Doubts over expansion microscopy removed
Image: Expanded human cell with microtubules (blue) and a pair of centrioles (yellow-red) in the middle (left), with detailed structure of two expanded centrioles. [Zwettler/Uni Würzburg]
Researchers from Germany and Switzerland have used ultrastructural expansion microscopy to image Chlamydomonas centrioles, proving that this super-resolution microscopy method is reliable,
Expansion microscopy, can be used to visualise structures, with subdiffraction-resolution, using optical microscopy.
Here, immunolabeled samples are physically expanded using a swellable polymer, physically separating the anchored markers.
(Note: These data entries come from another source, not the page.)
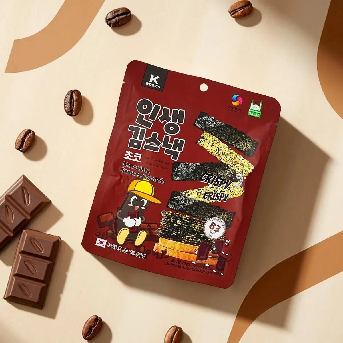 5. CHUNGSANEA K Wook's Korean Crispy Rice Seaweed Snacks - Chocolate Flavor, 20g - Savory & Sweet Snack for Kids & Adults
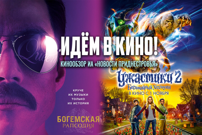 Сегодня на широкие экраны выходят две премьеры: музыкальная драма «Богемская рапсодия» и комедия «Ужастики 2: Беспокойный Хэллоуин». Эти картины можно посмотреть как на территории Российской Федерации, так и в кинотеатрах Тирасполя, Бендер и Рыбницы.
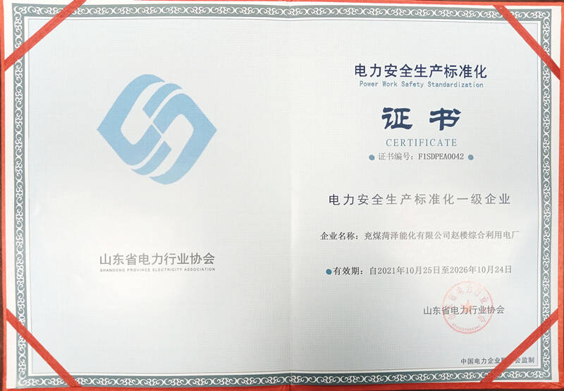 2021年12月23日,华聚能源赵楼电厂获得山东省电力企业协会颁发的“电力安全生产标准化一级企业”奖牌和证书,这是继2016年该厂荣获此荣誉后再以93.05高分获此殊荣,也标志着该厂安全生产标准化管理工作跃上新台阶。
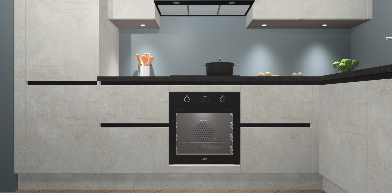 De Beton Opaal greeploze keuken Geneve is uitgerust met 5 inbouwapparaten - een oven, inductiekookplaat, afzuigkap, vaatwasser en koelkast - voor al uw kook- en bewaarbehoeftes. U kunt deze apparaten desgewenst eenvoudig upgraden naar AEG of de oven omruilen voor een combimagnetron na het plaatsen van uw bestelling. En met de soft close deuren, voldoende opbergruimte en kasten die voorgemonteerd worden geleverd, bent u in een mum van tijd klaar om heerlijke maaltijden te bereiden!
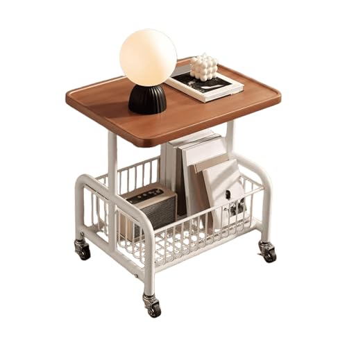 JinZao Small Side Table With Wheels Living Room, Bedroom Square Coffee Table, With A Solid Wood Tabletop And Iron Metal Storage Basket At The Bottom, 40x30x50cm(B)
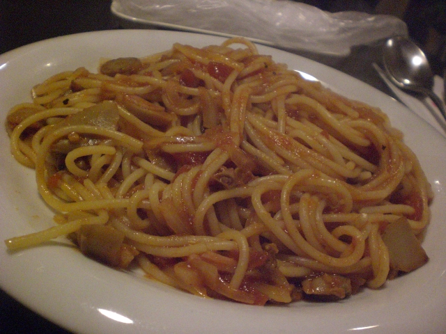 早速実食してみると、、うん、ボンゴレ!!炒めよりは絡めなナポリタンはシャツに飛ぶ系です。ケチャップよりもトマトな味わいにアサリが入ってボンゴレそのままです。メニューはちゃんとナポリタンだったのに・・・
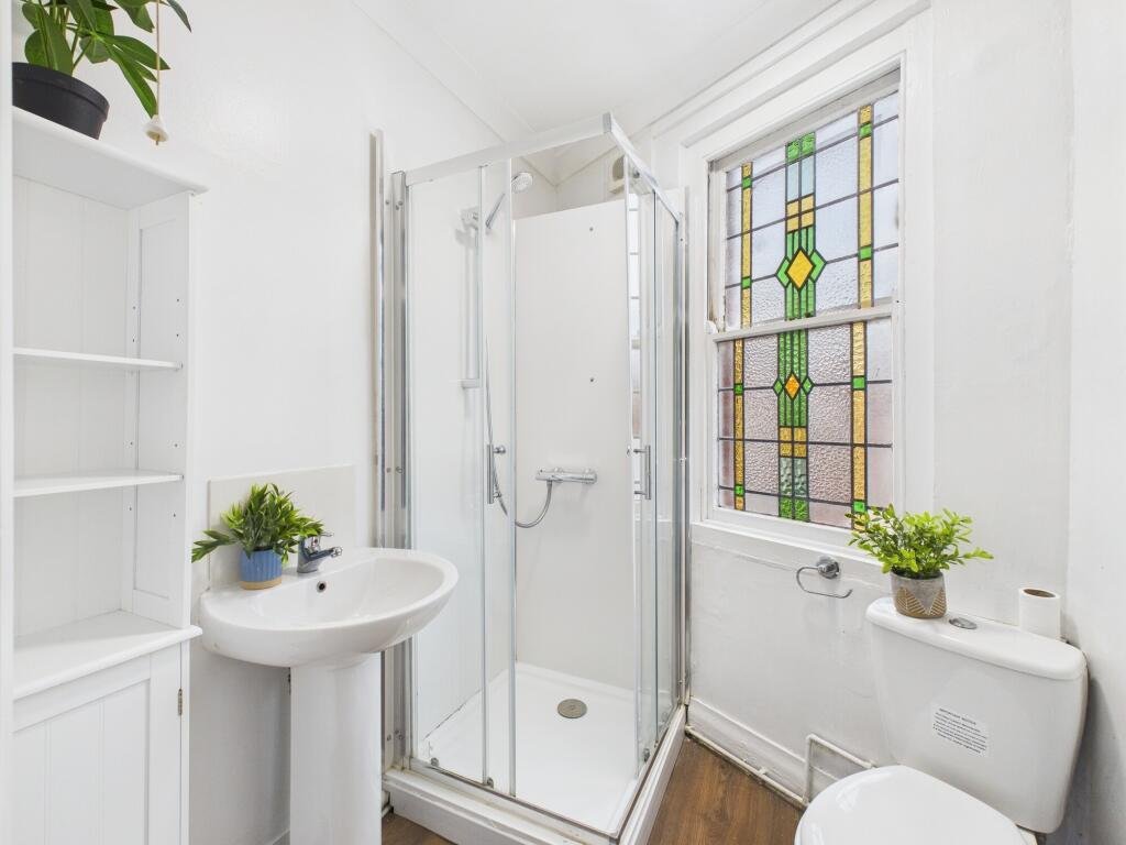 Bathroom – With shower, basin, toilet and bathroom cabinet.

However, researchers have suggested that the expansion of the polymer does not proceed uniformly, leaving distortions in the enlarged sample.
To assess the reliability of the method, Dr Markus Sauer at the Biocenter of Julius-Maximilians-Universität Würzburg and colleagues from Geneva and Lausanne, expanded immunolabelled centrioles, using established expansion microscopy protocols.
While characterising these protocols, they discovered that avoiding chemical fixation of isolated protein complexes and also using low concentrations of formaldehyde and acrylamide improved the structural integrity of expanded samples, preserving ultrastructural detail.
Using this new approach - ultrastructural expansion microscopy (U-ExM) - Sauer and colleagues could clearly observe the ninefold symmetry of the centriole.
"We found that the ninefold symmetry was clearly visible and the centriolar roundness was best preserved with U-ExM compared with the results of other ExM protocols," highlights Sauer. "The polymer expands uniformly in all spatial directions by a factor of four... and compared to electron micrographs, U-ExM works reliably and even preserves the chirality of the microtubule triplets that make up the centrioles."
Tests on other cells were successful, and by coupling U-ExM with stimulated emission depletion (STED) imaging, the researchers observed the chirality of the centriole.
"With U-ExM, we can really depict ultrastructural details," says Sauer. "We are convinced that in the near future U-ExM will be combined with single-molecule localization microscopy to enable fluorescence imaging of molecular details with unsurpassed spatial resolution."
Research is published in Nature Methods.